8. The compound according to claim 1, wherein the compound represented by the general formula (I) is 2- (2-difluoromethyl-4-hydroxybenzimidazol-1-yl) -4- (2-hydroxymethylpyrrolidin-1-yl) -6-morpholinopyrimidine, 2- (6-amino-4-chloro-2-difluoromethylbenzimidazol-1-yl) -4- (2, 2-dimethylmorpholinyl) -6-morpholino-1, 3, 5-triazine, 2- (6-amino-4-chloro-2-difluoromethylbenzimidazol-1-yl) -4- (2-hydroxymethylpyrrolidin-1-yl) -6-morpholino-1, 3, 5-triazine, 2- (6-amino-4-chloro-2-difluoromethylbenzimidazol-1-yl) -4- [ methyl (1-methylpiperidin-4-yl) amino ] -6-morpholinyl-1, 3, 5-triazine, 2- (2-difluoromethyl-4-hydroxybenzimidazol-1-yl) -4- (2-hydroxymethylpyrrolidin-1-yl) -6-morpholinyl-1, 3, 5-triazine or 2- (4-chloro-2-difluoromethyl-5-hydroxybenzimidazol-1-yl) -4, 6-dimorpholinyl-1, 3, 5-triazine.

9. The compound according to claim 1, wherein the compound represented by the general formula (I) is 2- (2-difluoromethyl-4-hydroxybenzimidazol-1-yl) -4- (2-hydroxymethylpyrrolidin-1-yl) -6-morpholinyl-1, 3, 5-triazine.

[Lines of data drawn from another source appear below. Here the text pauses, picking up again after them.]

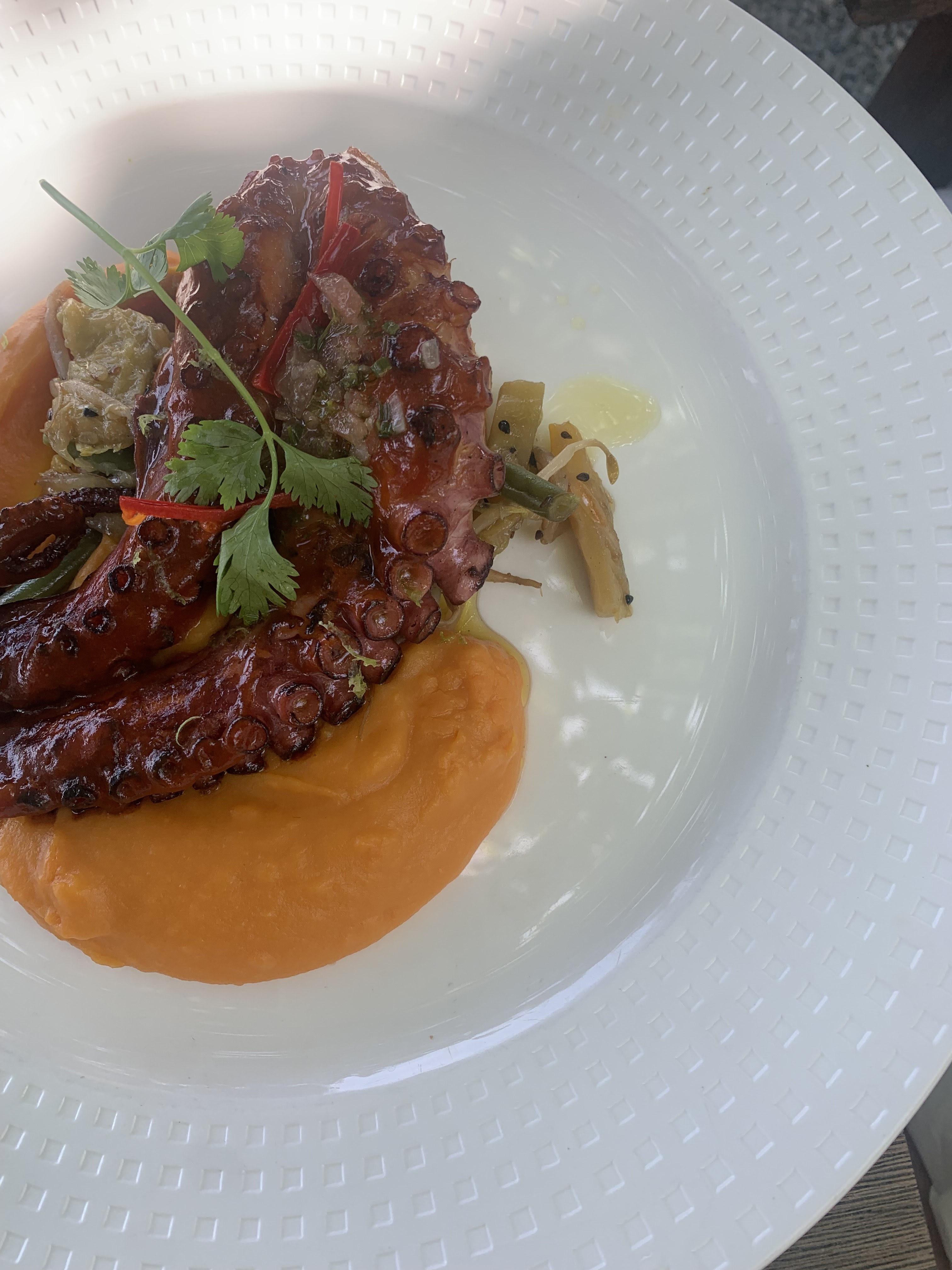Nous nous sommes régalés ! Spritz et accras de morue en apéritif 😋😋 🐙 poulpe grillé sauce vierge un délice ! Entrecôte grillée au feux de bois !! Personnel très sympathique 😁😁Nous recommandons 🤩🤩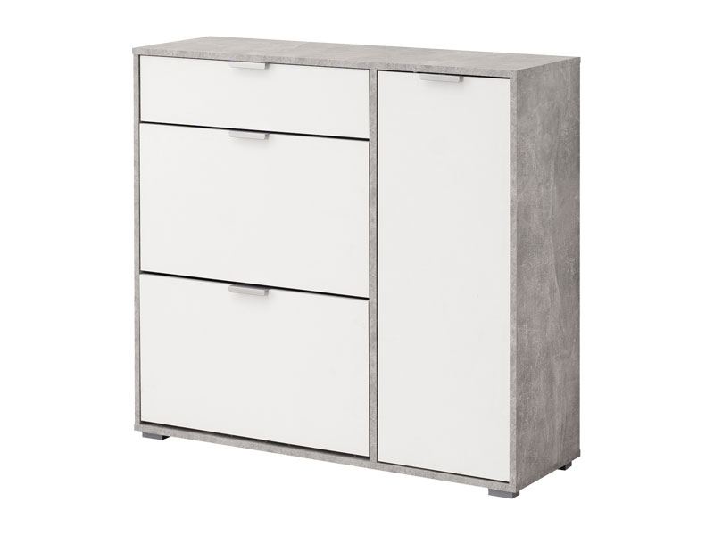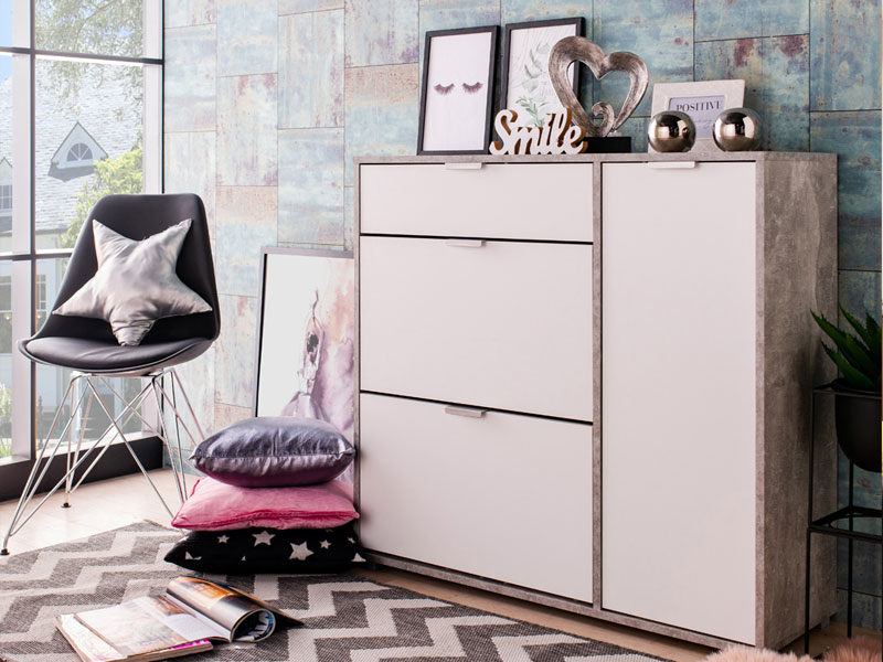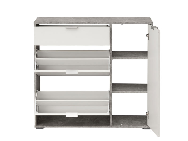 Cipelar ARCO 2, u opak bijelom dezenu, idealno je rješenje za uklapanje u prostore različitih dimenzija. Ovaj model posjeduje dva segmenta za odlaganje obuće, praktičnu fioku i desno pozicioniran deo sa dvije police.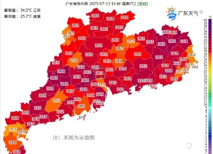 13-14日,广东省多雷雨天气,局部雨势强烈,珠三角西部及粤西的部分市县最高气温35℃左右;15-16日,广东省高温炎热伴有午后分散(雷)阵雨,大部市县最高气温将介于34~37℃。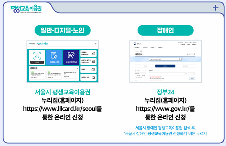 - 문의처: 서울시 평생교육이용권 상담콜센터(1551-4777), 장애인 평생교육이용권 상담센터(1668-0420)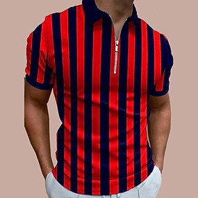 Homens Camisa de boliche pólo de golfe Casual Diário Quarter Zip Manga Curta Moda Moderno Riscas Fashion Quarter Zip Verão Normal Branco Vermelho Azul Marron Verde Cinzento Escuro Camisa de boliche
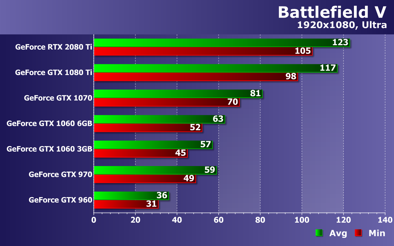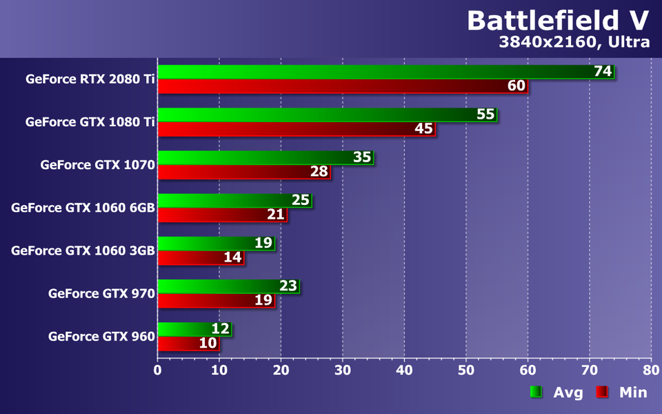 Слабейшая видеокарта в виде GeForce GTX 960 уже без всяких оговорок не справляется с обеспечением даже минимальной играбельности, не дотягивая до 30 FPS даже в среднем. Середнячки же уже не пытаются приблизиться к 60 FPS, но более чем минимально комфортную производительность они обеспечивают. Средней частоты кадров 45—50 FPS при 38—44 FPS как минимум, будет вполне достаточно даже для такой динамичной игры, как Battlefield V.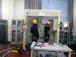 12:20分,上海市大众工业学校的选手们率先完成任务,第一个点亮了照明灯,摘下了安全帽。擦去辛劳的汗水,平息紧张的身心。比赛到此结束。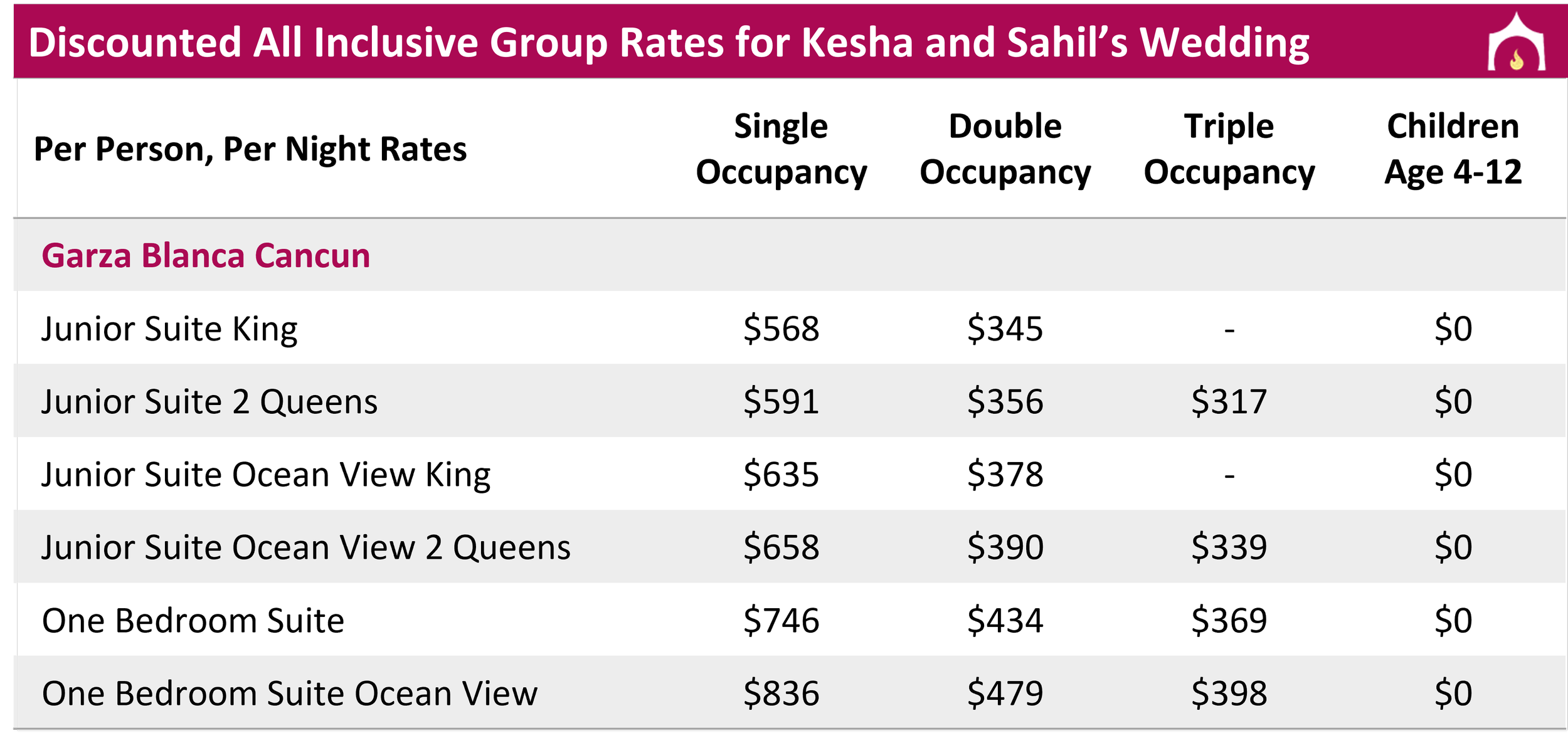 Kesha and Sahil have secured discounted group rates for guests of their wedding! Rooms MUST be booked through their group block on this site by September 1, 2026 in order to attend wedding events, to be included in group promotions, to be protected by agency support in case of travel or other potential issues, to be given priority access to rooming requests and be placed in the group block located near the bride and groom's group. Guests booking on third party websites (like Expedia or Hotels.com) or on the hotel website directly will not be able to access wedding events.

10. An antitumor agent comprising as an active ingredient at least one compound according to claim 1 to 9.

11. A pharmaceutical composition comprising a pharmaceutically acceptable diluent or carrier and, as an anti-tumour active ingredient, at least one compound according to claims 1 to 9.